For three decades, Robert Earl Council, also known as Kinetic Justice, has organized resistance while incarcerated in Alabama. He co-founded the Free Alabama Movement in 2013. In 2016, this coalition helped coordinate the largest prison strike in U.S. history, in which 24,000 incarcerated people in 24 states participated.
And those efforts have not come without consequences.
Justice is known for filing lawsuits and assisting other incarcerated people in reporting abuses in Alabama prisons, which, according to the Equal Justice Initiative, are the deadliest in the U.S.
Hunger strikes, educational outreach, labor strikes, and other organizing tactics have successfully threatened the prison system, despite retaliation in the forms of solitary confinement, starvation, and physical violence.

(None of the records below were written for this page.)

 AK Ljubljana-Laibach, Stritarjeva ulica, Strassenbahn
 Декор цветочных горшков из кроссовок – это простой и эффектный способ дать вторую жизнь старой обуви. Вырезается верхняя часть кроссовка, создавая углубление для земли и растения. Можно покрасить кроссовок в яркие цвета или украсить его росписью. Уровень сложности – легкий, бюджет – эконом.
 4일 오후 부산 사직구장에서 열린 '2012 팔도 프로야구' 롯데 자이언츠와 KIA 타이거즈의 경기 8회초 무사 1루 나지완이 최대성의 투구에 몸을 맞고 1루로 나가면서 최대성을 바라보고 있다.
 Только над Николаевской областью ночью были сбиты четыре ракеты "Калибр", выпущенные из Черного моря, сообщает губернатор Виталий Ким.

All tactics are designed to achieve critical human rights demands, including an end to forced, unpaid prison labor, overcrowding, poor healthcare, and repressive prison legislation.

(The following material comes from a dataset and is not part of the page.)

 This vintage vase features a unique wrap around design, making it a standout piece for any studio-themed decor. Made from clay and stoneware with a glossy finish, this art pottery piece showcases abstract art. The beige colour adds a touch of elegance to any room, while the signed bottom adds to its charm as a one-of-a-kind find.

Unsurprisingly, the leader of this collective resistance movement is being targeted yet again. This time, a lawsuit says Lieutenant Jeremy Pelzer encouraged other incarcerated people to murder Justice, once saying, “I’m tired of this bastard and all his lawsuits."
This targeting only indicates the strength of the resistance movement, and a need for those outside prisons to support the organized demands of incarcerated people even more.